_What is being asked_
Of all the entries below, only the lines from the one with "1.通过四氢吡咯和3,4-二" up to and including the one with "Deep Blue-Orange-Multi Border" are to be duplicated exactly.
*** Opening The data ***
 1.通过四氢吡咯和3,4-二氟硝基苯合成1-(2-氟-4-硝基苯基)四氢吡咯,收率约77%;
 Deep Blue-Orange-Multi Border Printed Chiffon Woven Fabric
*** Closing The data ***
*** Opening The data ***
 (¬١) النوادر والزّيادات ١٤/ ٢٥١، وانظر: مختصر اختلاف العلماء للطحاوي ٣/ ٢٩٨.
*** Closing The data ***
*** Opening The data ***
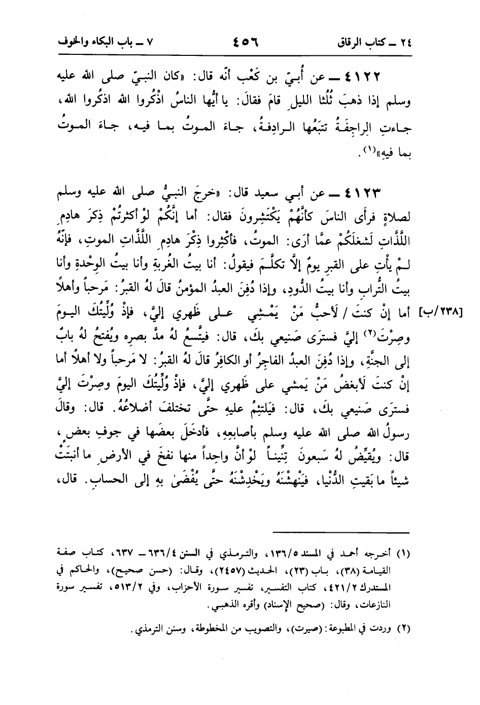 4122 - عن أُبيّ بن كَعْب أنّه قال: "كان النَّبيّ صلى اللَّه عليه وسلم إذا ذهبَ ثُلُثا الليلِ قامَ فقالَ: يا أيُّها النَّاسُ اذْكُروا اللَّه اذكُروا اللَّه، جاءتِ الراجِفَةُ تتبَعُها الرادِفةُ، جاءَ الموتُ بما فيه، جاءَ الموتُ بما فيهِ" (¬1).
*** Closing The data ***
_Task result_
 1.通过四氢吡咯和3,4-二氟硝基苯合成1-(2-氟-4-硝基苯基)四氢吡咯,收率约77%;
 Deep Blue-Orange-Multi Border Printed Chiffon Woven Fabric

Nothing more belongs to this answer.